WORK ITEM =>
Carry none of the pictures over; write out the complete data exactly.

SUPPLIED MATERIAL =>
◇ ◇ ◇ ◇ ◇
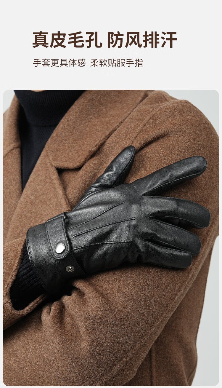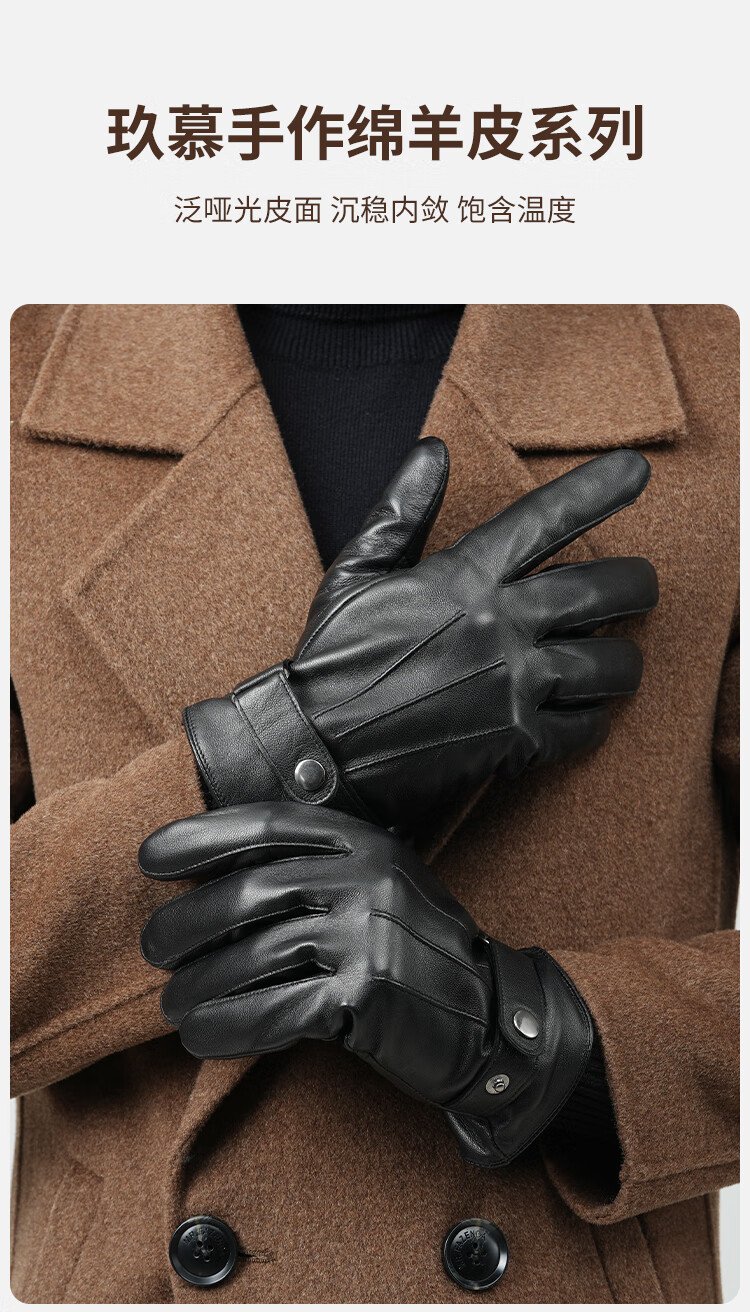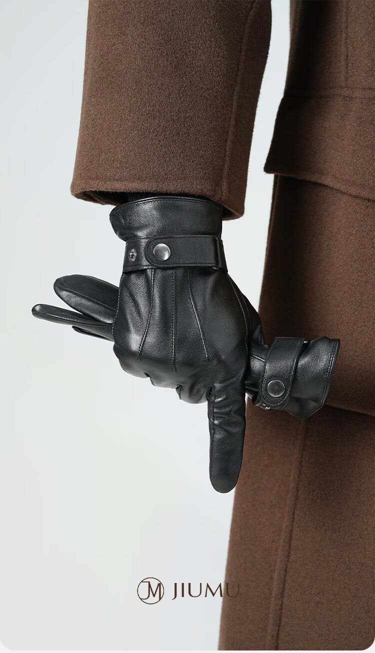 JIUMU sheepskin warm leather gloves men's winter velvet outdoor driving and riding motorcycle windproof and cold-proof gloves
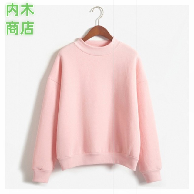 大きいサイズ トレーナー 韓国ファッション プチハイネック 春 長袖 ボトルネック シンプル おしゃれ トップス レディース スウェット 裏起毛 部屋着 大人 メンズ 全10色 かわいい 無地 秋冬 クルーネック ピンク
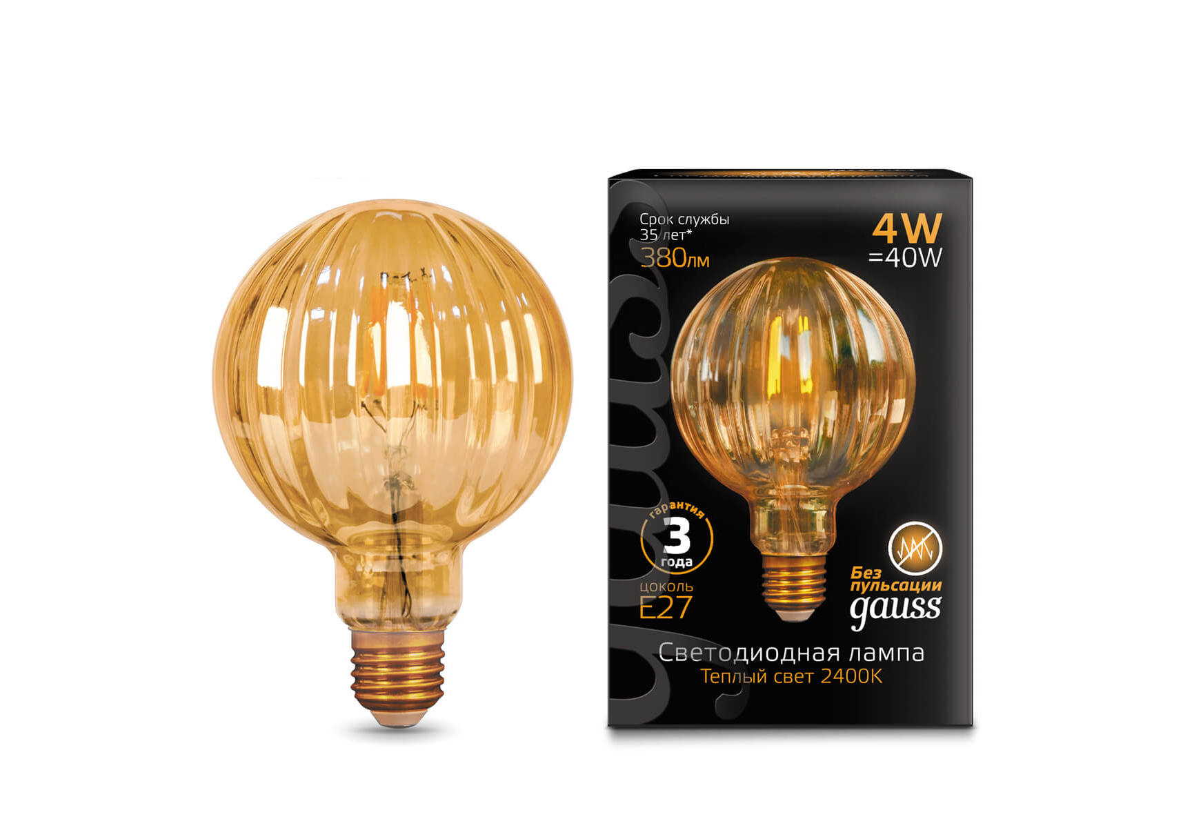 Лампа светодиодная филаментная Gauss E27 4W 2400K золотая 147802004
◇ ◇ ◇ ◇ ◇
WRITTEN ANSWER =>
 JIUMU sheepskin warm leather gloves men's winter velvet outdoor driving and riding motorcycle windproof and cold-proof gloves
 大きいサイズ トレーナー 韓国ファッション プチハイネック 春 長袖 ボトルネック シンプル おしゃれ トップス レディース スウェット 裏起毛 部屋着 大人 メンズ 全10色 かわいい 無地 秋冬 クルーネック ピンク
 Лампа светодиодная филаментная Gauss E27 4W 2400K золотая 147802004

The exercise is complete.